Extracted data:
******
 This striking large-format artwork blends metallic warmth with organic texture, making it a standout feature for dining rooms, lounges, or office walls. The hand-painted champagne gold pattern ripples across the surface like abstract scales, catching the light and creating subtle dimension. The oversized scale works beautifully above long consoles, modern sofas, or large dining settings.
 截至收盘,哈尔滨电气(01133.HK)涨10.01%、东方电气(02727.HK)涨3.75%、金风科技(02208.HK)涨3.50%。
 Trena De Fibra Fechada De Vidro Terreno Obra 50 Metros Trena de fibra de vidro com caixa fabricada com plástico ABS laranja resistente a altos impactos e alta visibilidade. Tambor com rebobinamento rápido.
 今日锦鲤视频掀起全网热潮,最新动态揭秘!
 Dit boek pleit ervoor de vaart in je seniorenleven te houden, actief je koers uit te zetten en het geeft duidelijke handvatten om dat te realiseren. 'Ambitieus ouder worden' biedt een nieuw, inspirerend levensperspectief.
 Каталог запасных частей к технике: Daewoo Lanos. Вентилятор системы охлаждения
******
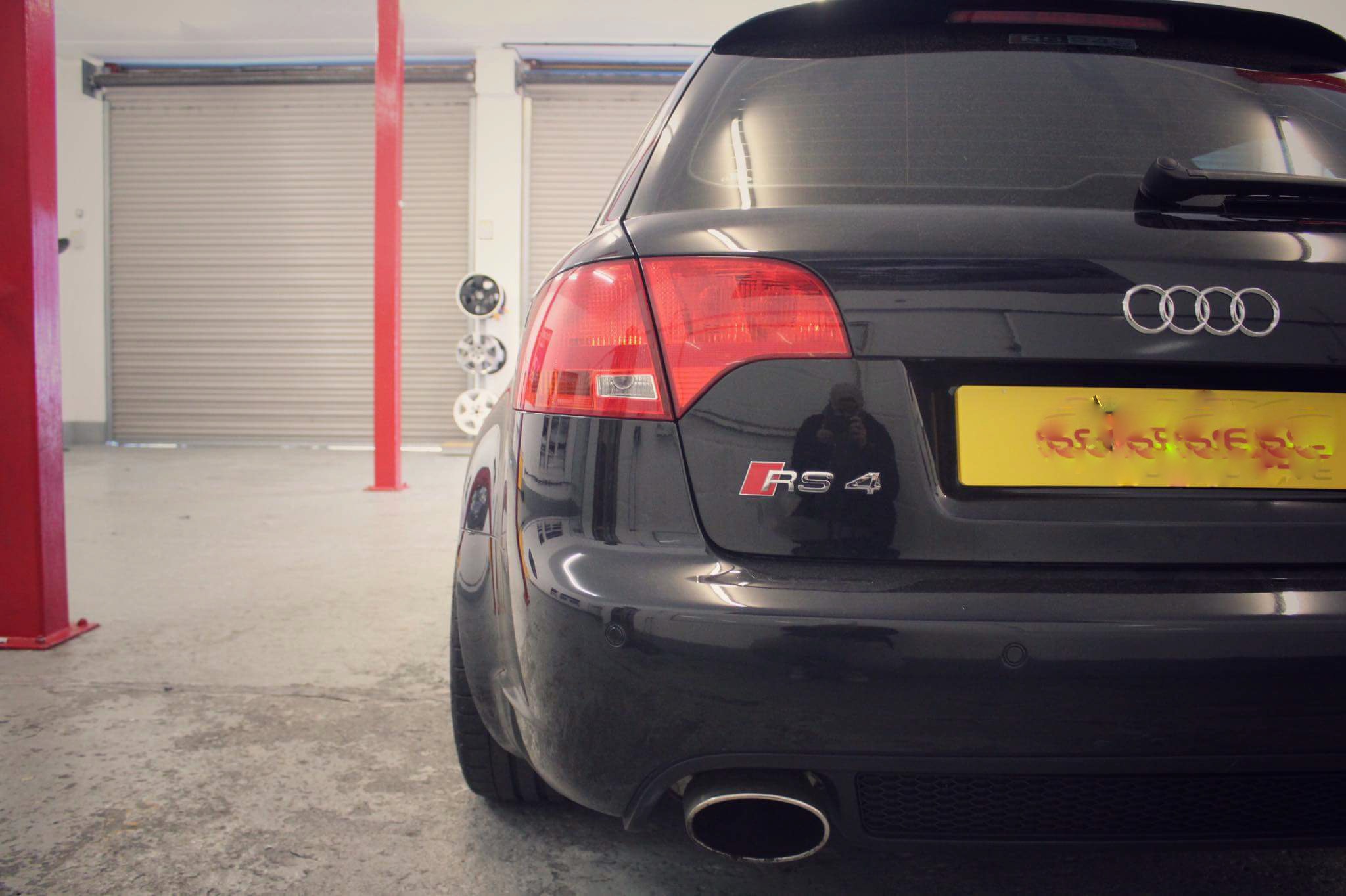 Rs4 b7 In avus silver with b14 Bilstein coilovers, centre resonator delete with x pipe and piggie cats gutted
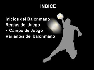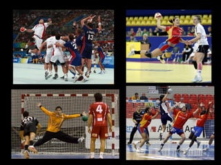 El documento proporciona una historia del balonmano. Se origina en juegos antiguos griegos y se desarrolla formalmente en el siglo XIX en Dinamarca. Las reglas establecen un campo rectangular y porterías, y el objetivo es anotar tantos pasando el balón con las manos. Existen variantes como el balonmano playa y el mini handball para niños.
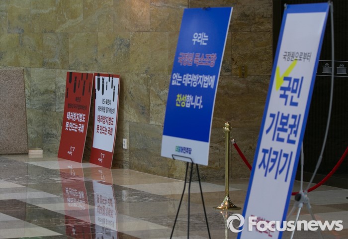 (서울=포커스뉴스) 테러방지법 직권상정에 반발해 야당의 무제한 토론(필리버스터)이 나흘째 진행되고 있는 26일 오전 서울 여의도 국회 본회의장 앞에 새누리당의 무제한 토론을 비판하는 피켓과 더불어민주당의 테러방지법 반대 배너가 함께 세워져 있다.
******
Description of the task:
Lines wanted from the listing above: the line with "今日锦鲤视频掀起全网热潮,最新动态揭秘!" up to and including the line with "Каталог запасных частей". Please write them out exactly, adding nothing else.

Result:
 今日锦鲤视频掀起全网热潮,最新动态揭秘!
 Dit boek pleit ervoor de vaart in je seniorenleven te houden, actief je koers uit te zetten en het geeft duidelijke handvatten om dat te realiseren. 'Ambitieus ouder worden' biedt een nieuw, inspirerend levensperspectief.
 Каталог запасных частей к технике: Daewoo Lanos. Вентилятор системы охлаждения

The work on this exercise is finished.